Leaving out the pictures, return each line of the entries from the first through the line with "穴子は醤油と味醂で味付けされ", and only those lines.

Records drawn from a dataset
BEGIN

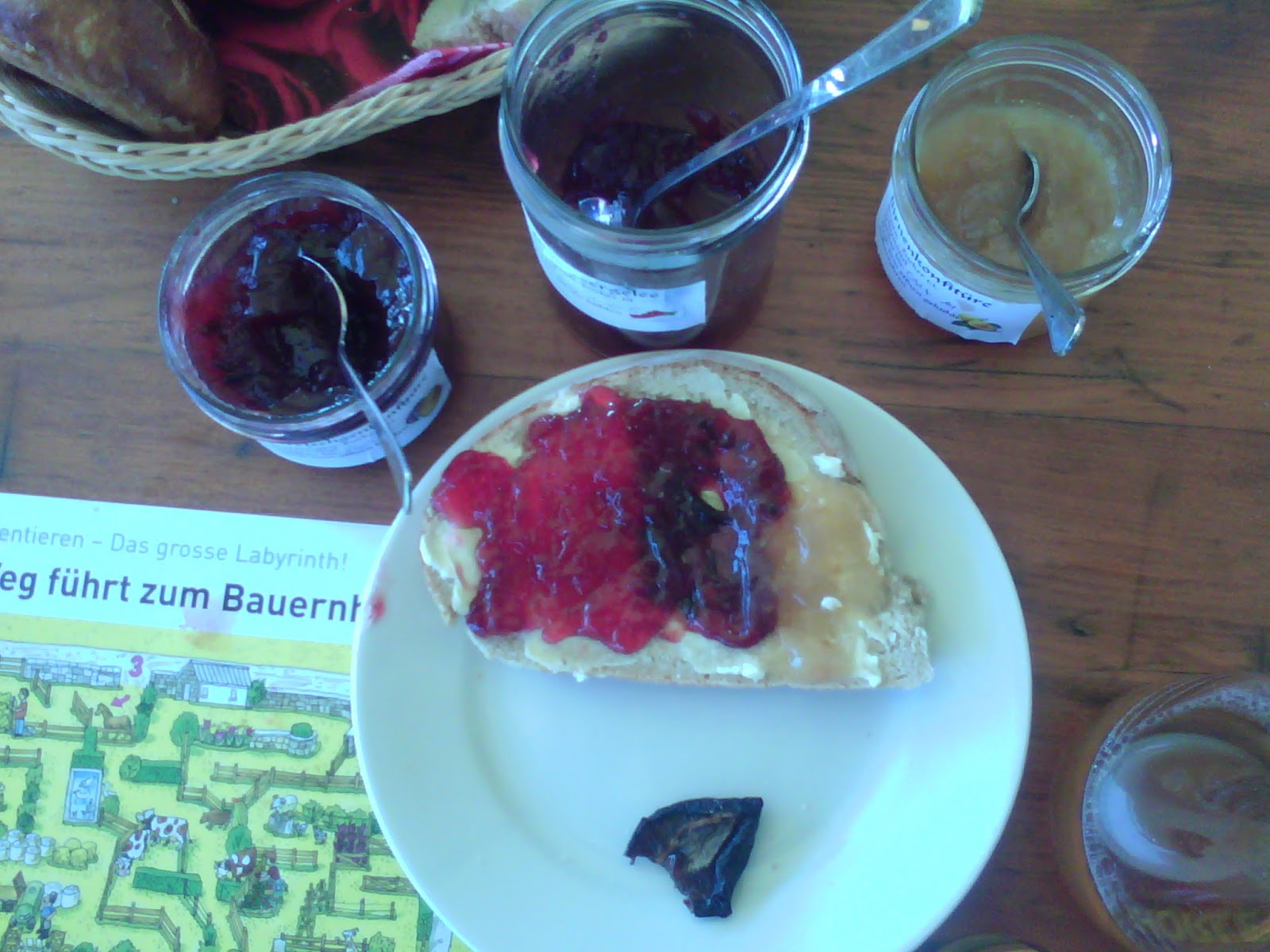 Dai formaggi al caffè tutto protetto da una pellicola che tiene lontane le mosche, anch’esse km0, come il resto preparato dalla figlia dei fattori. Gli affettati inducono a pensare che prima c’erano altri maiali al posto di quelli che ho conosciuto nella suite. Cose che capitano. Quasi sempre i maiali che vedete non sono quelli della volta prima… Succo di mela, yogurt di Ribes (Meertrubeli se vi sentite svizzeri, Johannisbeeren tedeschi, Ribiseln austriaci) con marmellate di vari gusti e colori faccio un panino stile Mondrian. Latte appena munto come se piovesse.
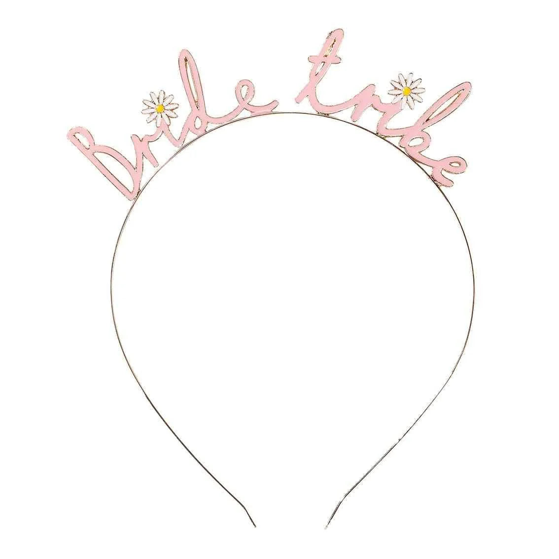 احتفلي مع فريق العروس بأناقة مع عصابة رأس Bride Tribe بتصميم زهري. تتميز بلون وردي معدني ناعم مع تفاصيل زهور الأقحوان الرقيقة، لتكون إكسسواراً مرحاً وأنيقاً ترتديه وصيفات العروس بكل فخر.
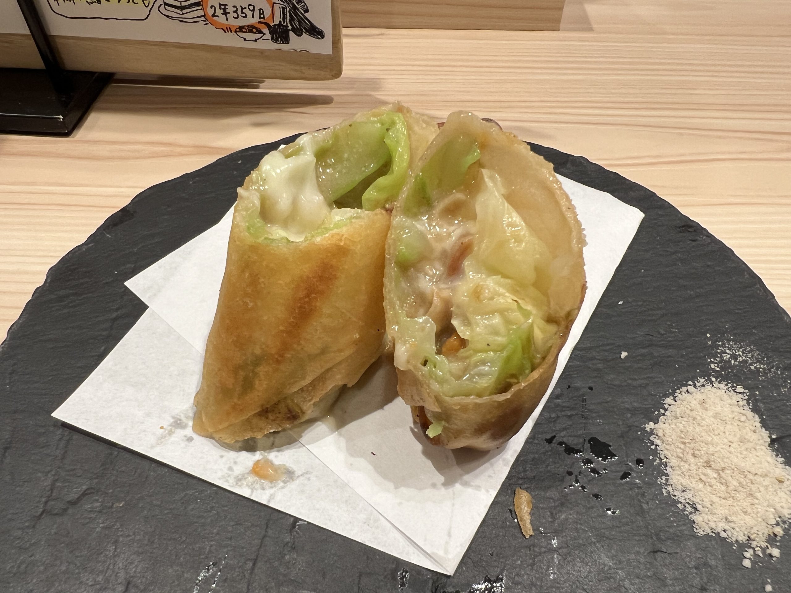 穴子は醤油と味醂で味付けされた煮穴子で、これに大葉や甘いご飯が加わる。ミスマッチかと思いきや、これが意外にも美味しかった
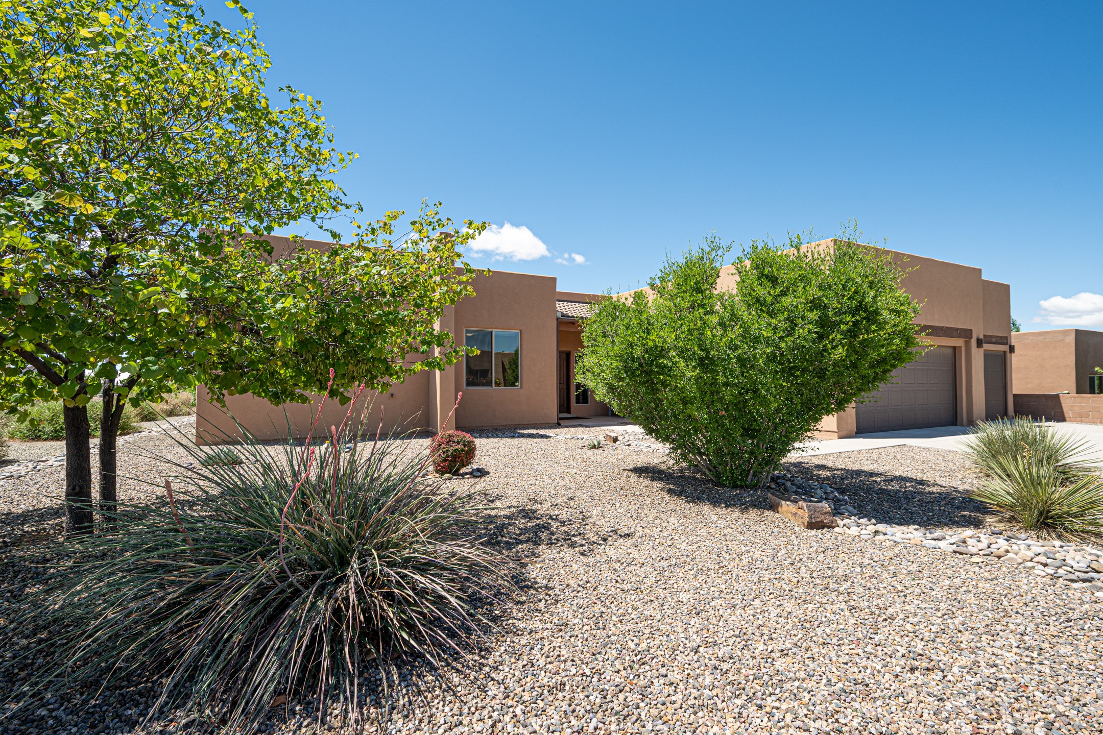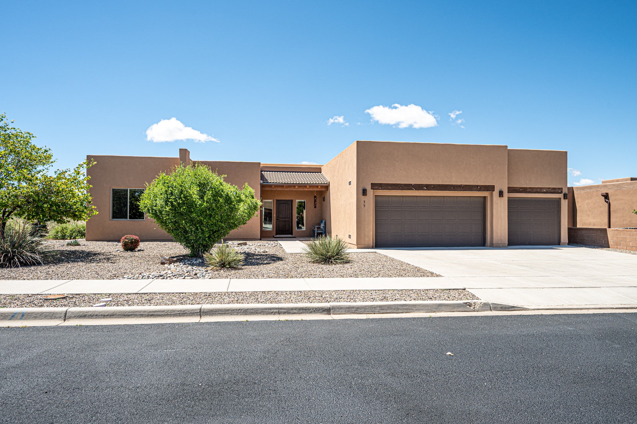 This thoughtfully designed three-bedroom, two-bathroom home offers space, comfort, and elegance in a peaceful neighborhood that is both easy to live in and commute from. The single-level home spans +/- 2000 square feet and includes a 200+ sqft attached studio (the converted third garage bay)--ideal as a fourth bedroom, office, or creative space. A bright living room with a cozy fireplace invites relaxation, while the modern kitchen features stainless steel appliances, stone counters, and ample space for cooking and entertaining. High ceilings, recessed lighting, and tile flooring enhance the open layout. The primary bedroom is complemented by an en-suite bathroom with double vanities, soaking tub with separate shower, and a generous walk-in closet. Two additional bedrooms provide flexibility for family or remote work. Located in the back of the development with views of green space and close to walking trails, your private outdoor space will feel limitless. Mature landscaping, the covered back portal and large side pergola combine to offer space for gatherings, gardening, or quiet moments. Other features include an attached 2-car garage, central AC and heat, and a roof with transferable warranty. Located near the Dinosaur Trail Trailhead and close to local supermarkets and healthcare, this home combines practical living with Santa Fe charm.
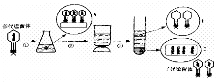 44、(10分)下图为用含32P的T2噬菌体侵染大肠杆菌的实验。据图回答下列问题:
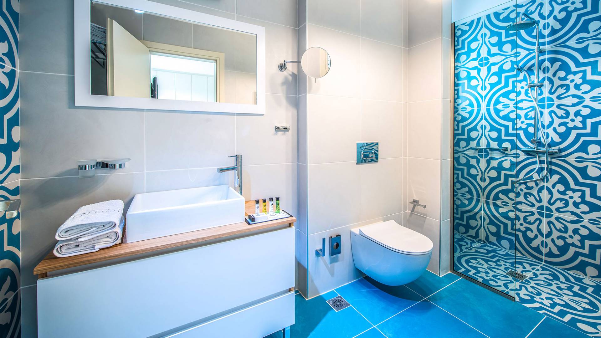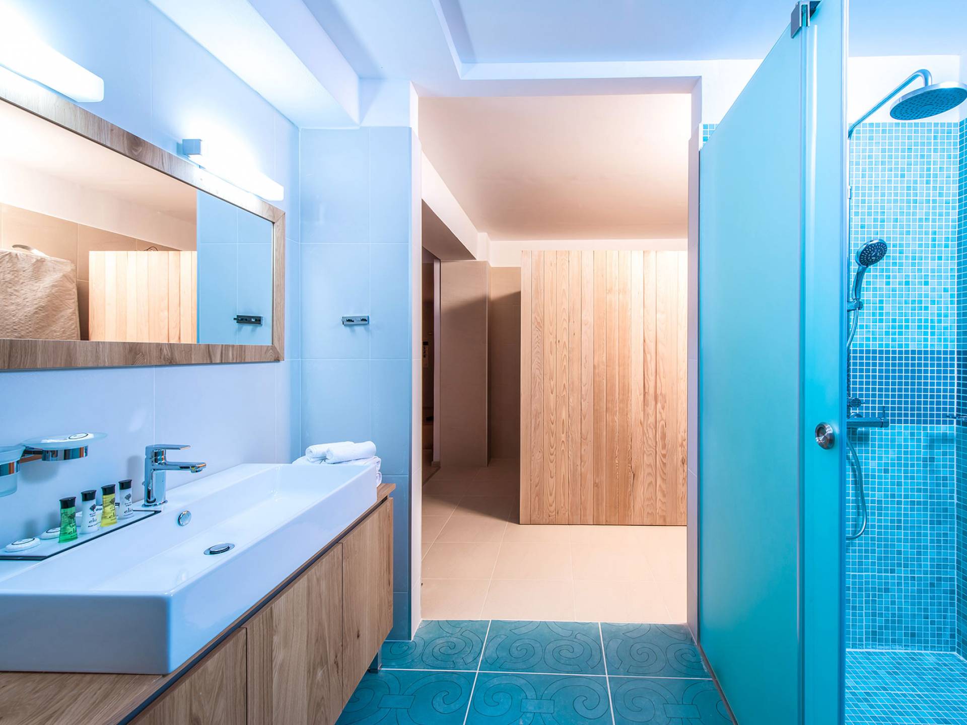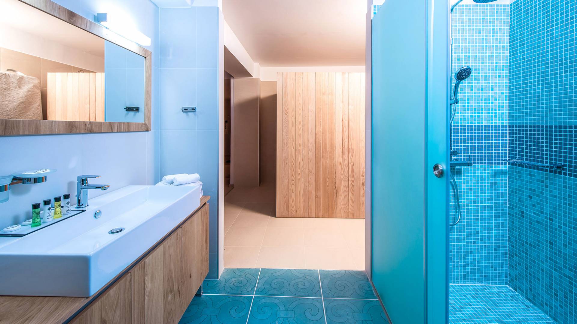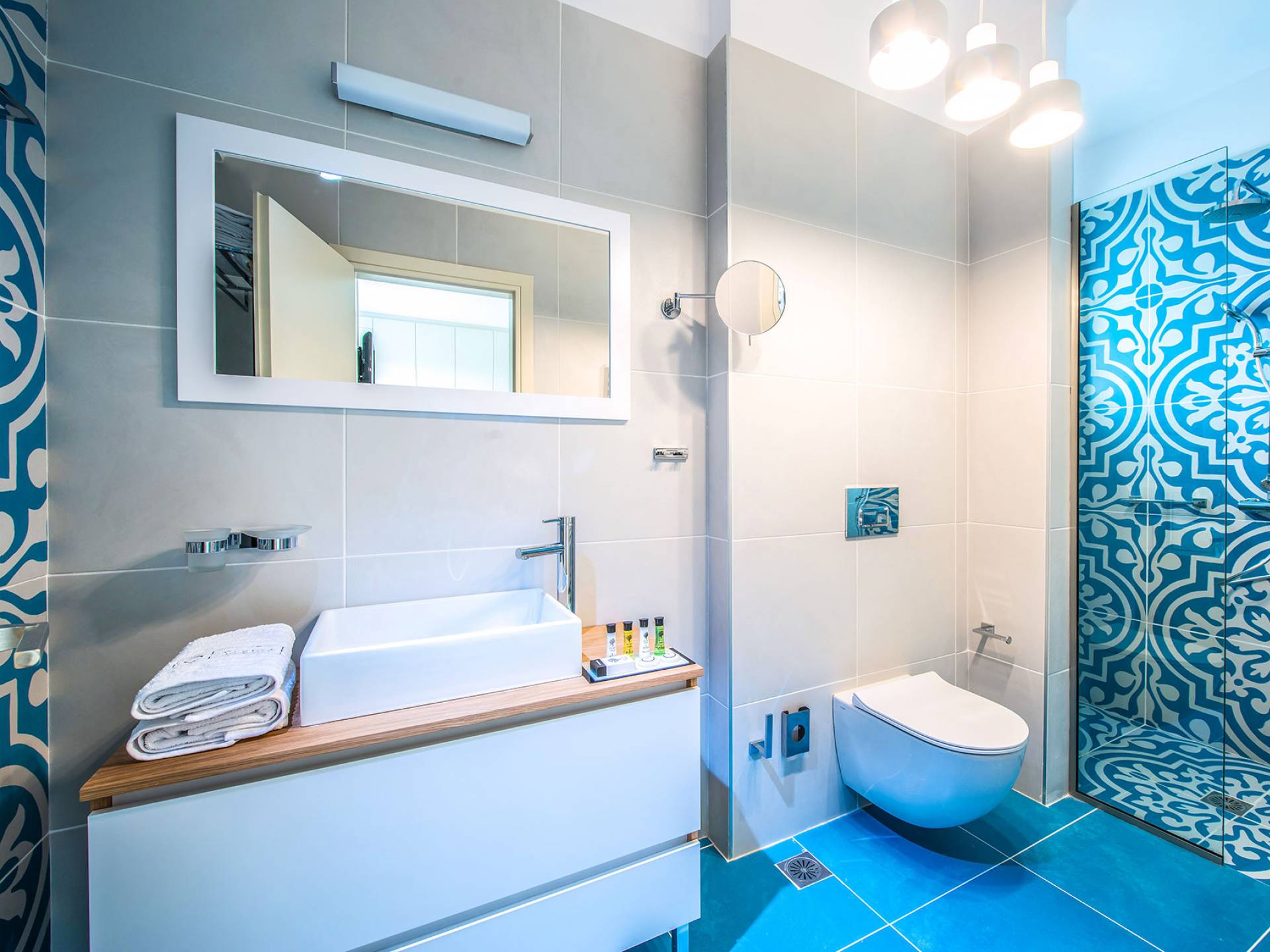 Η βίλα με πολυτελή διακόσμηση σε μίνιμαλ στυλ είναι χτισμένη σε τρεις ορόφους, ενώ ένας ανελκυστήρας σας παρέχει εύκολη πρόσβαση σε όλους τους ορόφους. Το γυμναστήριο, η σάουνα, το τζακούζι, η πρόσβαση Wi-Fi, οι τηλεοράσεις Smart σε όλα τα δωμάτια, είναι μερικές από τις ανέσεις του ξενοδοχείου που μπορείτε να απολαύσετε. Η βίλα βρίσκεται στο ισόγειο, το οποίο διαθέτει ενιαίο χώρο καθιστικού/τραπεζαρίας/κουζίνας και ένα υπνοδωμάτιο με δύο μονά κρεβάτια με ιδιωτικό μπάνιο (κάτω νιπτήρας, ψηλότερη τουαλέτα με λαβές στήριξης, ντους roll-in, κάθισμα ντους), προσβάσιμο σε αναπηρικά αμαξίδια, με αυτόνομο κλιματισμό και θέρμανση, τηλεόραση Smart και άνετα κλινοσκεπάσματα. Τα δύο μονά κρεβάτια μπορούν να μετατραπούν σε διπλό κρεβάτι με κάλυμμα στρώματος.

END

REPLY:
 Dai formaggi al caffè tutto protetto da una pellicola che tiene lontane le mosche, anch’esse km0, come il resto preparato dalla figlia dei fattori. Gli affettati inducono a pensare che prima c’erano altri maiali al posto di quelli che ho conosciuto nella suite. Cose che capitano. Quasi sempre i maiali che vedete non sono quelli della volta prima… Succo di mela, yogurt di Ribes (Meertrubeli se vi sentite svizzeri, Johannisbeeren tedeschi, Ribiseln austriaci) con marmellate di vari gusti e colori faccio un panino stile Mondrian. Latte appena munto come se piovesse.
 احتفلي مع فريق العروس بأناقة مع عصابة رأس Bride Tribe بتصميم زهري. تتميز بلون وردي معدني ناعم مع تفاصيل زهور الأقحوان الرقيقة، لتكون إكسسواراً مرحاً وأنيقاً ترتديه وصيفات العروس بكل فخر.
 穴子は醤油と味醂で味付けされた煮穴子で、これに大葉や甘いご飯が加わる。ミスマッチかと思いきや、これが意外にも美味しかった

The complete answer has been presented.